The trade war is over (I lost)

Kai Ryssdal Apr 9, 2018
A worker standing at a dock of a port in Shanghai on March 22, 2018. JOHANNES EISELE/AFP/Getty Images
HTML EMBED:
COPY

At long last, someone has put me in charge.

We’ve been talking about President Donald Trump’s trade war stand-off with China for weeks. Now, finally, I’m sitting in front of the various levers that will determine how things shake out. I look over my options, make a couple adjustments and…

“I’m sorry to tell you, you did as badly as you possibly could have done,” said Oliver Roeder. He’s a senior writer at the data news website FiveThirtyEight, and he helped create the trade war simulation I just failed, spectacularly.

Kai's first, unsuccessful attempt at the trade war game on FiveThirtyEight.

Kai’s first, unsuccessful attempt at the trade war game on FiveThirtyEight.

You can fail yourself right here — or maybe you already won. I was pitted against another FiveThirtyEight reader, randomly chosen from folks who already played. It’s a classic prisoner’s dilemma: both players decide how they want to set their own trade policy, then the site crunches the numbers to see how each country fares in 100 rounds of trade.

Each free trade is worth an equal amount, while imposing tariffs tilts the benefits one way or another. If both sites impose tariffs, everyone earns less. 

The idea, Roeder says, is to illustrate the fundamentals of a trade war. There are three sliders: friendliness, which measures how many rounds you plan to allow free trade; imitation, or how many rounds you will abandon your strategy to match your opponent; and vindictiveness, which is how much you’ll hit your opponent with tariffs if they betray you. 

I was too friendly in the first round, and when my opponent betrayed me I got taken for a ride. FiveThirtyEight lets you pick a few pre-set personas like “The Retaliator” or “The Copycat,” but you can also adjust sliders yourself to fine-tune your policy. You can even play the same opponent multiple times, changing your approach to see if you can eke out a win.

I got a little meaner in the second round and it paid off, sort of. I won the resulting trade war, but my opponent and I still ended up worse off than we would have been if we imposed no tariffs at all.

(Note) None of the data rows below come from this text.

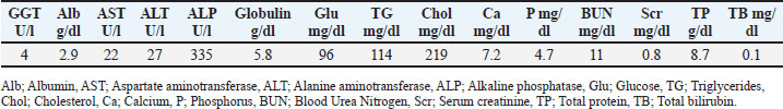 Fig. 4. Gross images after the surgical procedure showing good healing and at least tissue damage. Widespread antibiotics (Cefazolin 20 mg.kg-1 q24 hours) and analgesics (Tramadol 2 mg.kg-1) were administered to prevent infection and control pain management. Sections of the mass reveal a well-circumscribed region composed of sheets of round to polygonal histiocytic cells. The cells exhibit moderate amounts of pale eosinophilic cytoplasm and centrally to eccentrically located round to oval nuclei with finely stippled chromatin and indistinct nucleoli. A mild to moderate infiltrate of small lymphocytes is often observed at the periphery of the lesion (Fig. 5).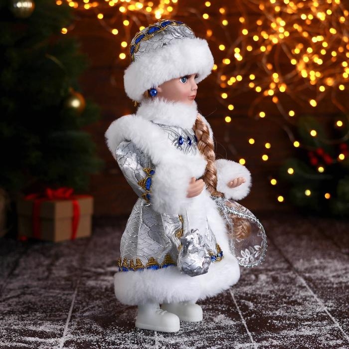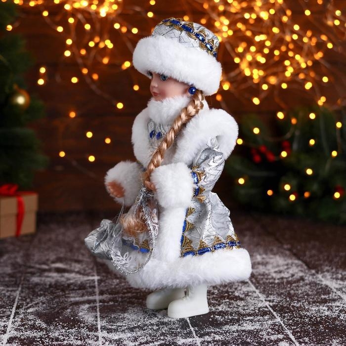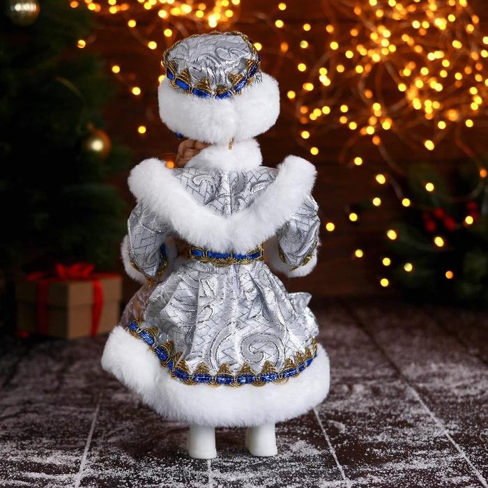 Снегурочка "В пышной шубке" с синими украшениями, 14х30 см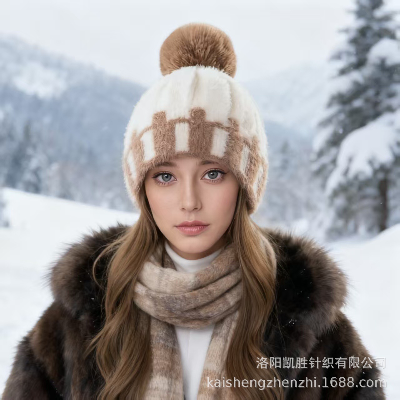 冬季时尚拼色针织帽子骑行护耳帽女防风帽子大头围保暖加厚毛线帽
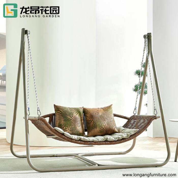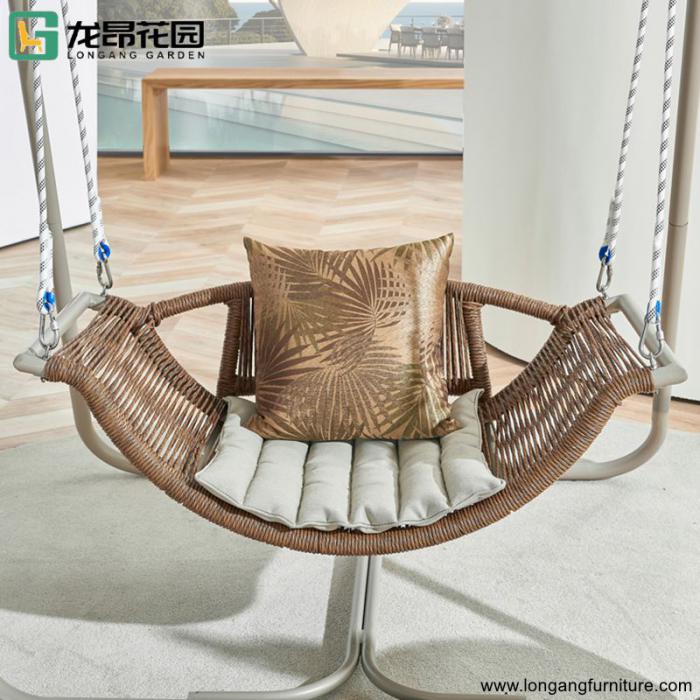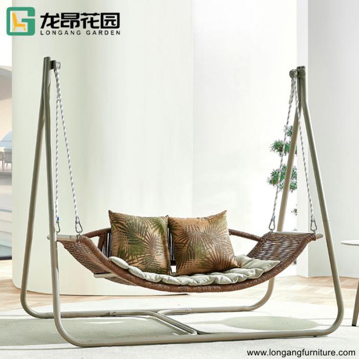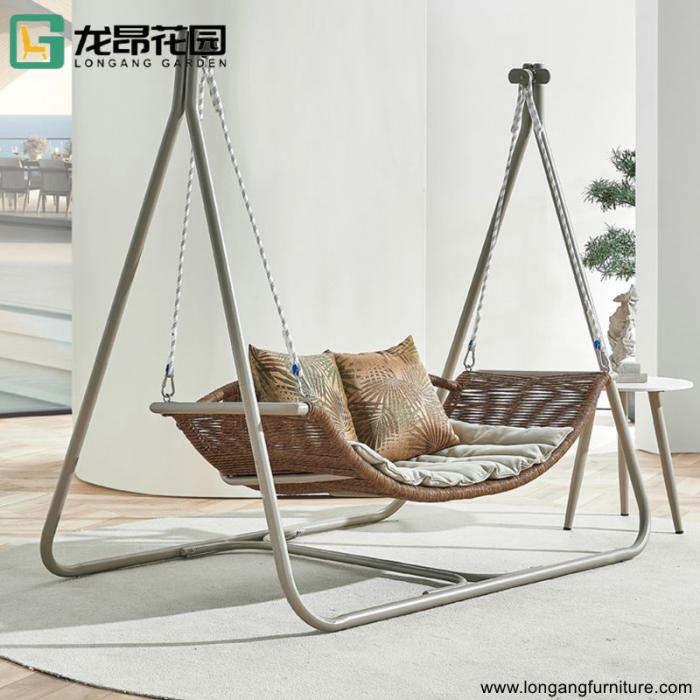 Long ang best-selling outdoor aluminum frame furniture courtyard double hanging chair swing set with cushion

My path is similar to the one a lot of FiveThirtyEight readers took, Roeder said. Over about 600,000 games, his team found most people started friendly, but got more vindictive over time and more trade wars broke out. That’s in contrast to the real world, where more countries favored free trade post-World War II.

Of course this game isn’t the real global economy, Roeder cautioned, and it ignores a slew of real-world factors like diplomacy, existing trade deals, politics, history and so on.

But the moral of the story is more or less the same: You have to be adaptable, Roeder said, and balance mutual benefit with individual interest. That tension is exactly what the Trump administration is navigating with China and other trade partners now.